Келлерману остаётся подчиниться и предпринять то, что генерал Фуа справедливо назовёт «атакой безумцев».{384} Как всегда, маршал находится в самом опасном месте, в центре вражеского огня, который выбивает целые шеренги. Все офицеры его штаба либо убиты, либо ранены, либо остались без лошадей. Под самим маршалом убиты уже три лошади. Солдаты видят его со шпагой в руке, с побагровевшим лицом, в самом жарком месте боя во главе передовых атакующих отрядов. Совсем как под Бородино, кажется, что его пламенеющая шевелюра опалит каждого, кто приблизится. Наполеон передаёт ему, что, если он не может сломить англичан, то должен их хотя бы удержать. Ситуация Нея становится драматической, у Веллингтона уже двойное численное превосходство. Ней бросается в ряды стрелков Фуа: «Мы устоим!» Обескровленные французы, несмотря ни на что, выдерживают лобовой удар англо-батавских[109] частей. С наступлением темноты бой затихает. Ничья! В общем, обе армии остаются на тех же позициях, что и утром. В тишине, красноречиво отражающей разочарование и той, и другой стороны, маршал ужинает с Жеромом Бонапартом, Флао и ещё несколькими офицерами. Их «ужин» при свете свечей, воткнутых в бутылки, состоит из ломтей хлеба, разложенных на доске, пристроенной на бочках.[110] К часу ночи Флао прибывает во Флёрюс, чтобы подробно доложить Императору о сражении при Катр-Бра. Дело в том, что за весь день Наполеон не имел никаких сведений о положении на левом фланге. «Я доложил ему о сражении, — скажет впоследствии Флао, — и, несмотря на мою привязанность к маршалу Нею, был вынужден признать, не имея возможности объяснить причину, что дух маршала сильно изменился, он даже показался мне не тем человеком, которого я знал раньше».{385}
На следующий день последовали упрёки Императора: «Вчера Его Величество с сожалением был вынужден отметить, что вам не удалось соединить дивизии, что они действовали разрозненно, поэтому ваши потери столь велики». Это скорее упрёк, а не обвинение, но разве не было бы справедливее разделить ответственность за ошибки? Ней не видел особых преимуществ у планов Императора, они также были обречены на неудачу. Тактические ошибки Наполеона и посредственное выполнение его приказов исполнителями, наряду с численным превосходством противника, объясняют поражение при Ватерлоо, которое уже вырисовывалось на горизонте.

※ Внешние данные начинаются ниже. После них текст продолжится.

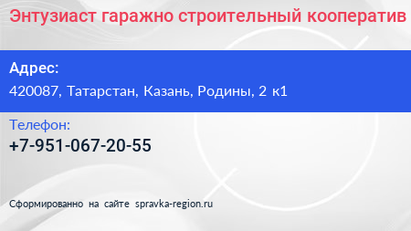 Энтузиаст, гаражно-строительный кооператив по адресу 420087, Татарстан, Казань, Родины, 2 к1 в дальнейшем Организация, размещена в следующих категориях: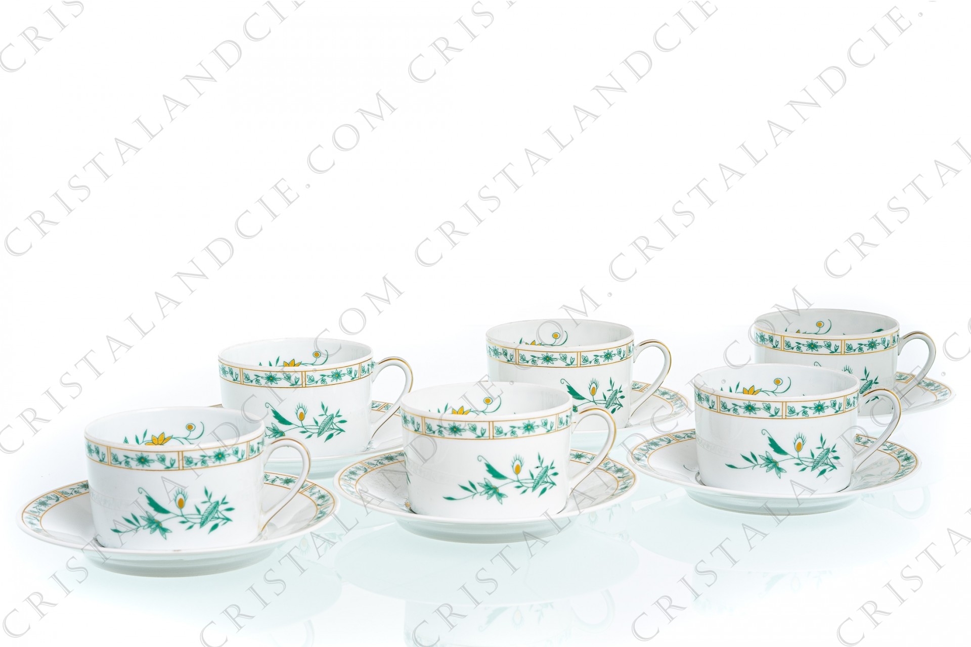 Série de six tasses à thé en porcelaine de Limoges de la maison Bernardaud modèle Pékin ornées de fleurs vertes rehaussées or.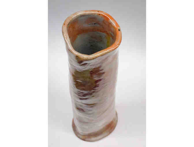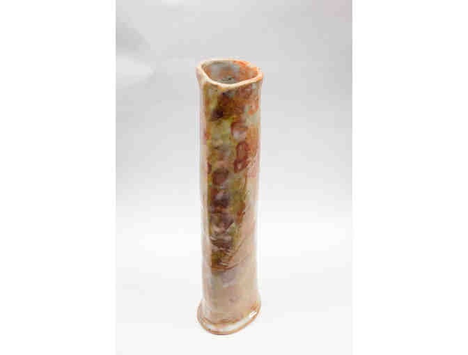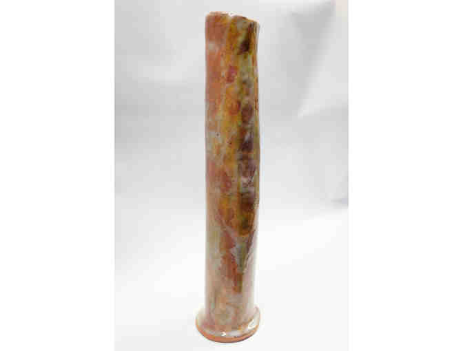 A 13 x 3 inch stoneware cylinder with fall vibrant colors and some asymmetry which adds to the art form.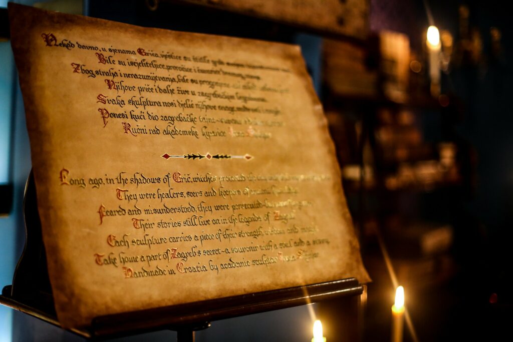Među upečatljivijim elementima postava jest i popis žena optuženih za magijske zločine na Gradecu između 14. i 18. stoljeća. Pergamenu je izradila vrhunska hrvatska kaligrafkinja Darja Mesarić (Kalidariart), članica udruge Red Čuvara grada Zagreba.

Узник Святой Елены тысячу раз будет мысленно возвращаться к своему последнему сражению. «Ней действовал с безумной храбростью», — не раз повторит он. Одной этой фразы достаточно, чтобы Ней при Ватерлоо запомнился, как маршал в западне, больше похожий на зверя, чем на человека. И тем не менее даже в эти страшные минуты он не терял надежды победить. Не потому ли он непрерывно подбадривает своих солдат? 16 июня он с искренним энтузиазмом, достойным кампании 1805 года, встретил кирасиров, доставивших ему знамя 69-го английского полка.[111] При Ватерлоо Ней, которому было предназначено выдержать главный удар и понести самые тяжёлые потери, ещё раз продемонстрировал вызывающую восхищение храбрость, но не более того. В 1813 году в Денневице он не стал ни Даву, ни Массеной в их лучшие дни. Так неужели он мог стать таковым на мрачной равнине Ватерлоо?
17 июня, проигранный день. В то время как Груши поручено преследовать Блюхера, Наполеон направляется навстречу Веллингтону в Катр-Бра, где должен быть Ней, которому было приказано «стать наконец хозяином положения». А маршал всё утро ожидал прибытия войск, обещанных в записке Наполеона, хотя первые части корпуса Лобо выступили по Намюрской дороге лишь в полдень, когда Веллингтона уже не было в Катр-Бра. Прибыв на место в 14 часов, Наполеон узнает, что англичане отошли на оборонительную позицию при Мон-Сен-Жан.
— Мы проиграли Францию! — рычит он. Когда появляется Ней, его приступ гнева ещё не прошёл: — Какая неопределённость, какая медлительность! Вы потеряли три бесценных часа!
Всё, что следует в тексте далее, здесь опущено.